==== Task data ====

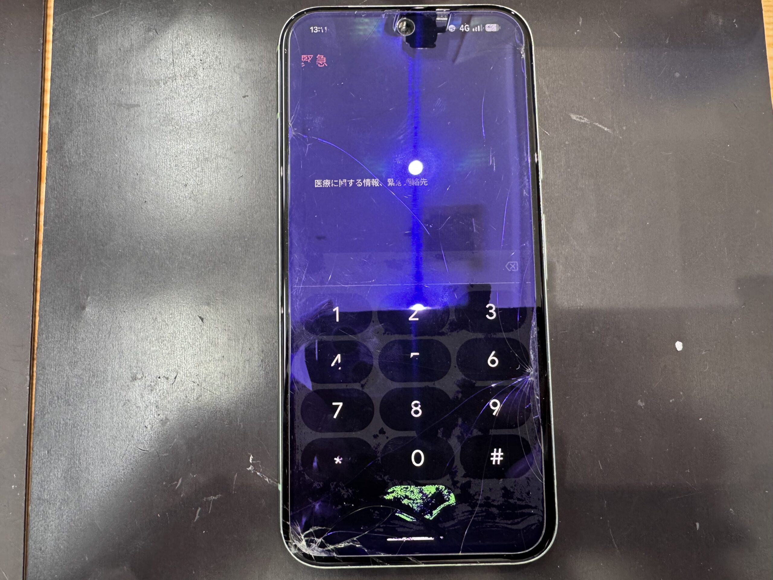 高所で仕事をされているという方で、作業中にポケットから落としてしまい画面が破損し画面の映りが悪くなりタッチも効きづらい状態になってしまったとのこと。操作が難しくデータのバックアップを取ることができないため、今回新しい画面に交換させて頂きました!!
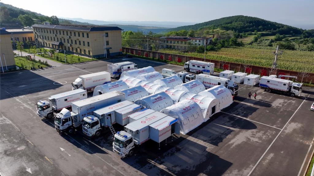 国家紧急医学救援队(陕西)68名队员,全员全装(15辆特种车辆及移动医院所需物资设备)参与培训演练。欧美视频
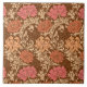 Tile in a vintage William Morris, Art Nouveau, floral print of stylised chrysanthemums, digitally enhanced and coloured, in tan, rust terracotta, and coral, on a deep chocolate brown background
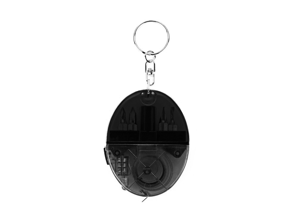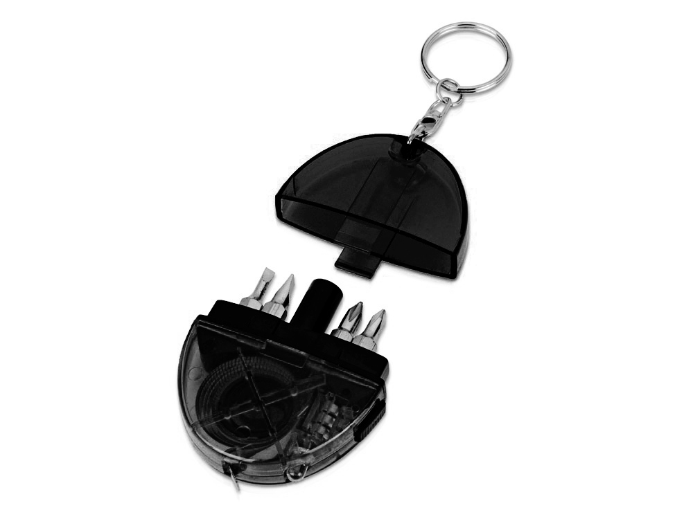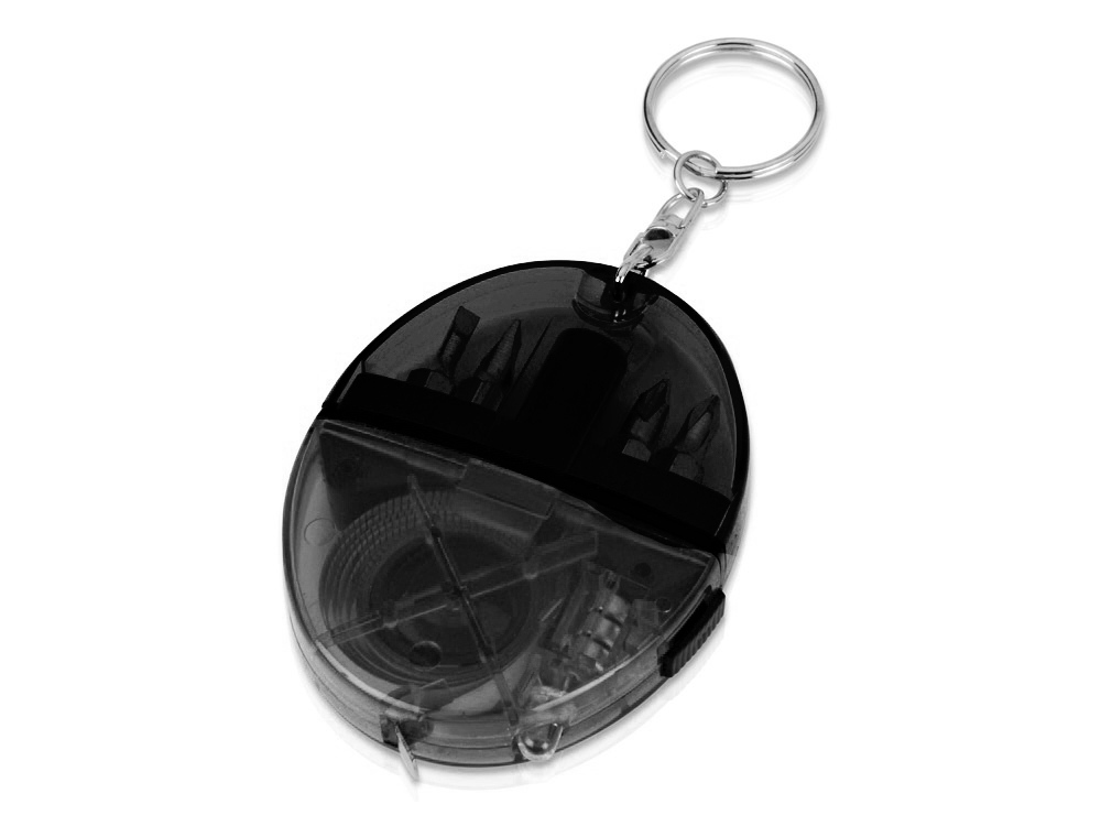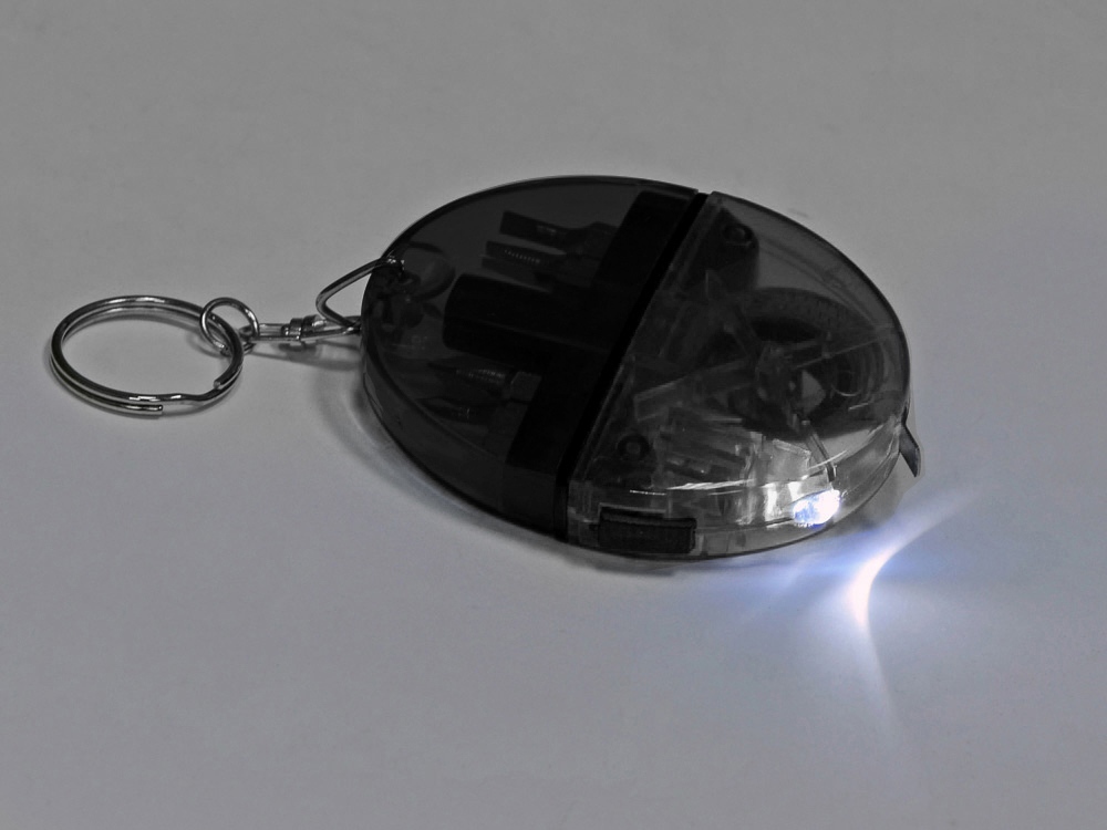 Оригинальный и многофункциональный брелок обладает ярким внешним видом, за которым скрывается весьма полезное содержание. Внутри брелока встроена рулетка, набор отверток и фонарик.
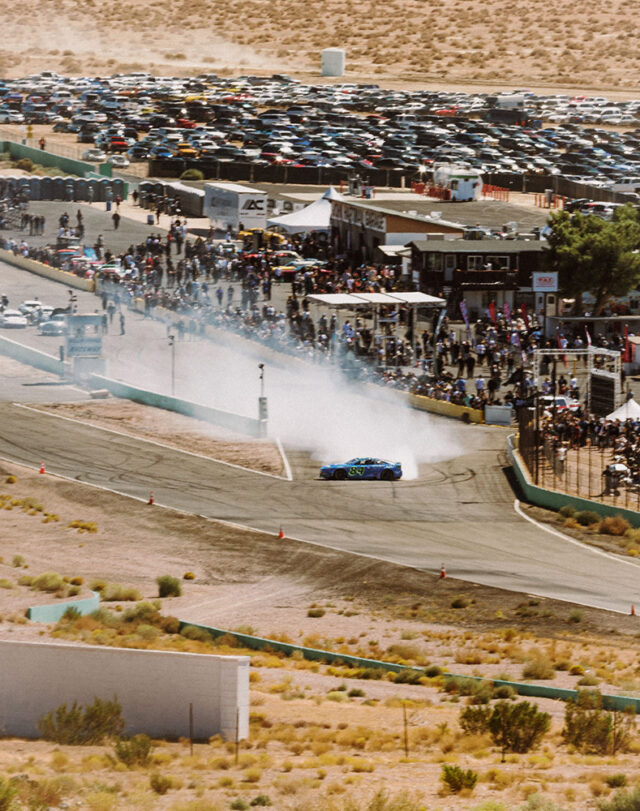 Elsewhere, Formula Drift commentator Jarod DeAnda led proceedings, joined by The Smoking Tire podcast team, while displays included Ken Block’s personal cars presented by the 43 Institute and full-size Hot Wheels models. An exciting line-up of DirtFish rally legends, including the iconic Lancia 037, Lancia Delta S4, Peugeot 205 T16 and other DirtFish School cars, offered a glimpse of a world-class rally experience. Hoonigan’s Hoonipigasus Porsche and Micah Diaz’s E46 Pro-Spec drift car also drew crowds. The Drivers Era curated event merchandise, and a share of proceeds will support the East Kern Family Resource Center and the Lost Angels Career Center.
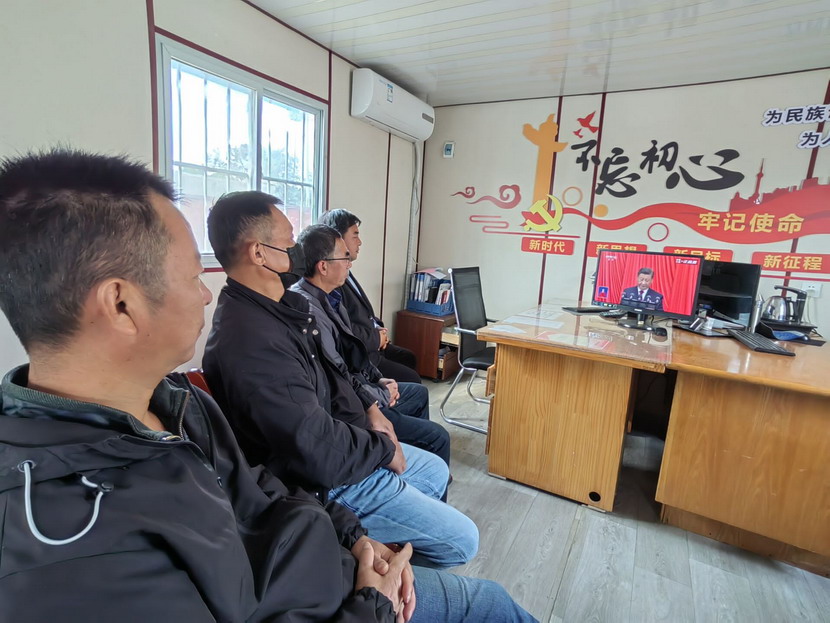 台北投资公司广大党员干部群众早早端坐在屏幕前,怀着激动的心情,收听收看党的二十大开幕会,认真聆听习近平总书记所作的报告。公司领导王德志、杨善革、张海宁、卞霄以及各部门负责人在机关廉政会堂集中收看,各基层单位广大党员或在支部,或通过视频会议,或在工作岗位休息间隙,收听收看开幕会盛况。
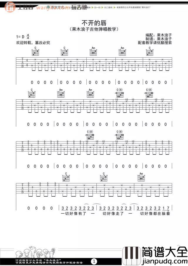 《不开的唇》吉他谱,原调D调,不使用变调,果木浪子编配制谱。整首歌曲谱曲不算难,适合新手学习练习。但是,大家在练习的时候要注意歌曲的情绪起伏,一首好听的民谣歌曲记得收藏。
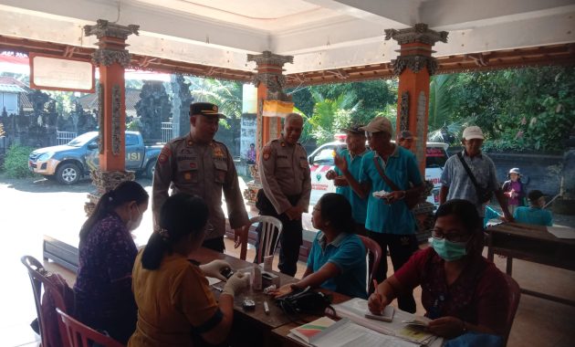 Pekutatan Jembrana, Kapolsek Pekutatan Kompol I Putu Suarmadi, S.H., M.H., beserta anggota melaksanakan pendampingan terhadap kegiatan pemeriksaan kesehatan kepada para Lansia di Balai Desa Adat Pengeragoan Dangin Tukad, Desa Pengeragoan, Kecamatan Pekutatan oleh petugas kesehatan UPTD Puskesmas II Pekutatan, pada hari Selasa, (19/08/2025).
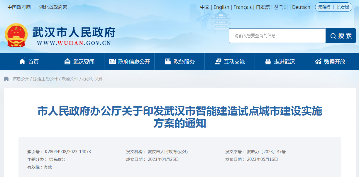 武漢市智能建造試點城市建設實施方案
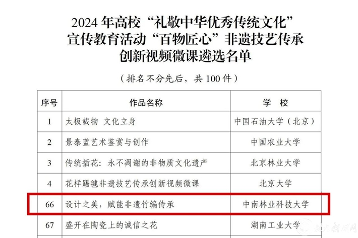 【林大网讯】(文/家居与艺术设计学院)近日,教育部公布2024年高校“礼敬中华优秀传统文化”宣传教育活动评选结果,我校家居与艺术设计学院张广酃、邓莉文老师指导的《设计之美,赋能非遗竹编传承》视频微课入围优秀作品。
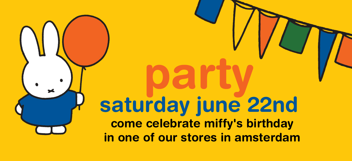 MEET & GREET - Miffy's birthday is almost here and she's turning 69 years old! Of course we'll be celebrating this in the Miffy store(s) in Amsterdam. Will you also come to Miffy's party on Saturday 22nd of June? You can meet Miffy in her party dress, have your picture taken together and there will be all sorts of sweets.
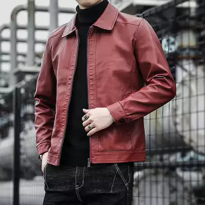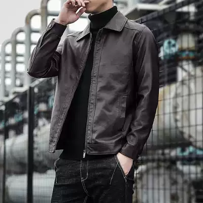 Retro youth soft leather men's Korean slim-fitting lapel handsome motorcycle suit tide brand pilot leather jacket jacket tide
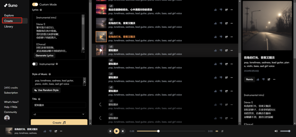 更多的歌,大家可以自己去Suno上跑着玩,体验一下AI音乐的魅力,这种直出的感觉,还是非常爽的。
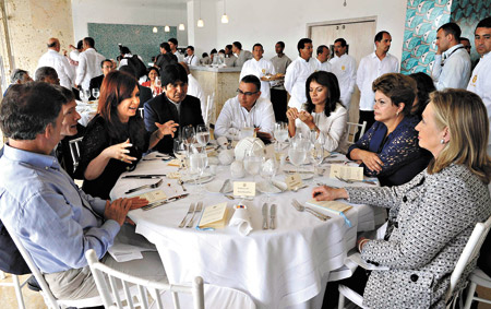 La Presidenta compartió la mesa con el anfitrión colombiano, con Evo Morales, Dilma Rousseff y Hillary Clinton.

====

**What you should do:**
Repeat exactly the lines above, beginning at the one containing "武漢市智能建造試點城市建設實施方案" and ending at the one containing "Retro youth soft". Do not carry over any pictures.

**Solution to the exercise:**
 武漢市智能建造試點城市建設實施方案
 【林大网讯】(文/家居与艺术设计学院)近日,教育部公布2024年高校“礼敬中华优秀传统文化”宣传教育活动评选结果,我校家居与艺术设计学院张广酃、邓莉文老师指导的《设计之美,赋能非遗竹编传承》视频微课入围优秀作品。
 MEET & GREET - Miffy's birthday is almost here and she's turning 69 years old! Of course we'll be celebrating this in the Miffy store(s) in Amsterdam. Will you also come to Miffy's party on Saturday 22nd of June? You can meet Miffy in her party dress, have your picture taken together and there will be all sorts of sweets.
 Retro youth soft leather men's Korean slim-fitting lapel handsome motorcycle suit tide brand pilot leather jacket jacket tide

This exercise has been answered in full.